From my understanding, word vectors are only ever used in terms of relations to other word vectors. For example, the word vector for "king" minus the word vector for "boy" should give a vector close to "queen".
Given a vector of some unknown word, can assumptions about the word be made based solely on the values of that vector?
The individual coordinates – such as dimension #7 of a 300-dimensional vector, etc – don't have easily interpretable meanings.
It's primarily the relative distances to other words (neighborhoods), and relative directions with respect to other constellations of words (orientations without regard to the perpendicular coordinate axes, that may be vaguely interpretable, because they correlate with natural-language or natural-thinking semantics.
Further, the pre-training initialization of the model, and much of the training itself, uses randomization. So even on the exact same data, words can wind up in different coordinates on repeated training runs.
The resulting word-vectors should after each run be about as useful with respect to each other, in terms of distances and directions, but neighborhoods like "words describing seasons" or "things that are 'hot'" could be in very different places in subsequent runs. Only vectors that trained together are comparable.
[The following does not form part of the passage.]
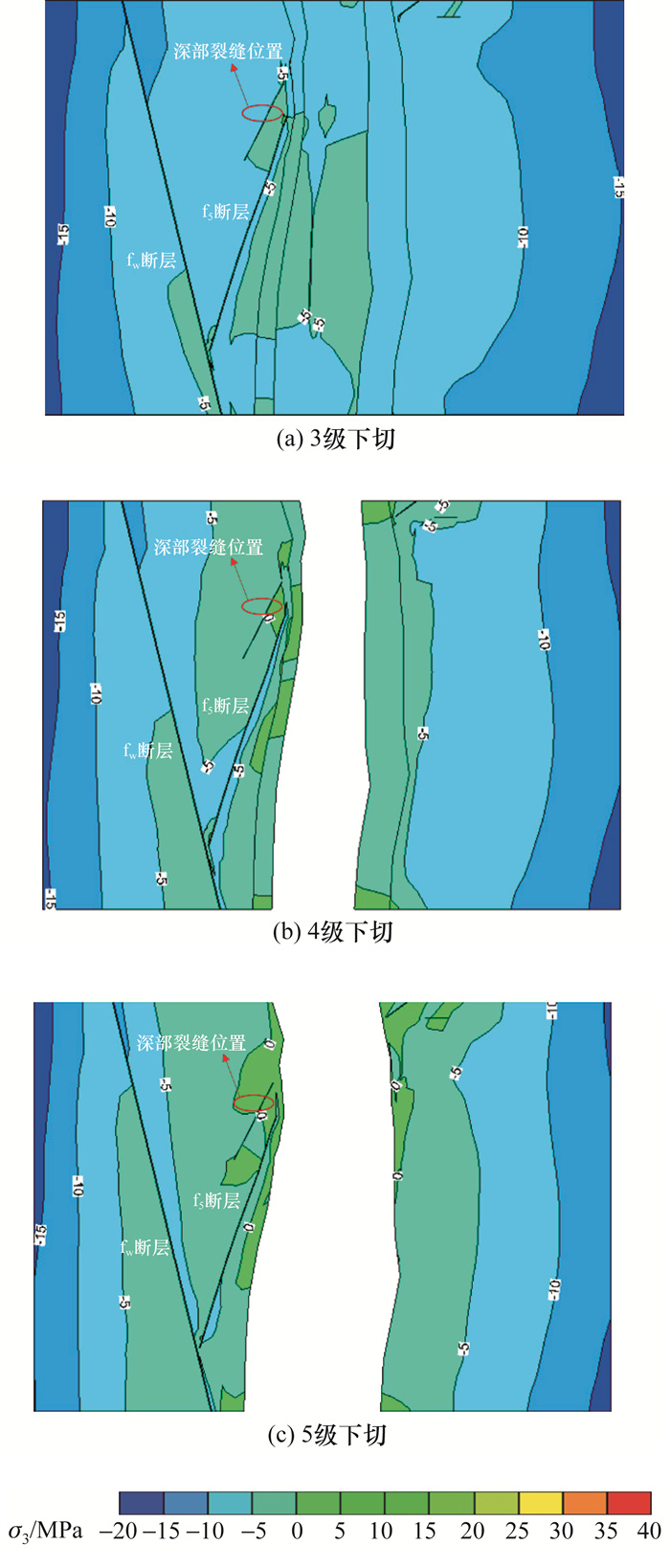 图 7为3~5级下切1 930 m高程的σ3值剖面云图。随着下切进行,模型深部裂缝位置对应的σ3值不断减小,在4级下切时,煌斑岩脉X向坡外的岩体出现拉应力,5级下切时拉应力区域扩大至煌斑岩脉X以内区域。由于岩体抗拉性较弱,因此河谷下切形成的拉应力达到一定程度会造成该位置岩体破坏,拉应力向岩体深部发展形成深部裂缝。

(There are some constrained variants of word2vec that try to force certain dimensions or directions to be more useful for certain purposes, such as answering questions or detecting hypernym/hyponym relationships – but that requires extra constraints or inputs to the training process. Plain vanilla word2vec won't be as cleanly interpretable.)
You cannot make assumptions about the word based on the values of its word vector. A single word vector does not carry information or meaning by itself, but only contains meaning in relation to other word vectors.
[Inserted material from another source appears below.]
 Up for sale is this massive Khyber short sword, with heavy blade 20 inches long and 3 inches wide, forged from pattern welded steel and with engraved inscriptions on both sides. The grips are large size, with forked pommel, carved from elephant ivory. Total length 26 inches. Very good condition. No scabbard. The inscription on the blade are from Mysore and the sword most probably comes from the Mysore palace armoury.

Word vectors using algorithms such as Word2Vec and GloVe are computed and rely on the co-occurrence of words in a sequence. As an example, Word2Vec employs the dot product of two vectors as an input to a softmax function, which approximates the conditional probability that those two words appear in the same sequence. Word vectors are then determined such that words that frequently occur in the same context are mapped to similar vectors. Word vectors thereby capture both syntactic and semantic information.
Related
What is the difference between word2vec and glove?
Are both the ways to train a word embedding? if yes then how can we use both?
Yes, they're both ways to train a word embedding. They both provide the same core output: one vector per word, with the vectors in a useful arrangement. That is, the vectors' relative distances/directions roughly correspond with human ideas of overall word relatedness, and even relatedness along certain salient semantic dimensions.
Word2Vec does incremental, 'sparse' training of a neural network, by repeatedly iterating over a training corpus.
GloVe works to fit vectors to model a giant word co-occurrence matrix built from the corpus.
Working from the same corpus, creating word-vectors of the same dimensionality, and devoting the same attention to meta-optimizations, the quality of their resulting word-vectors will be roughly similar. (When I've seen someone confidently claim one or the other is definitely better, they've often compared some tweaked/best-case use of one algorithm against some rough/arbitrary defaults of the other.)
I'm more familiar with Word2Vec, and my impression is that Word2Vec's training better scales to larger vocabularies, and has more tweakable settings that, if you have the time, might allow tuning your own trained word-vectors more to your specific application. (For example, using a small-versus-large window parameter can have a strong effect on whether a word's nearest-neighbors are 'drop-in replacement words' or more generally words-used-in-the-same-topics. Different downstream applications may prefer word-vectors that skew one way or the other.)
Conversely, some proponents of GLoVe tout that it does fairly well without needing metaparameter optimization.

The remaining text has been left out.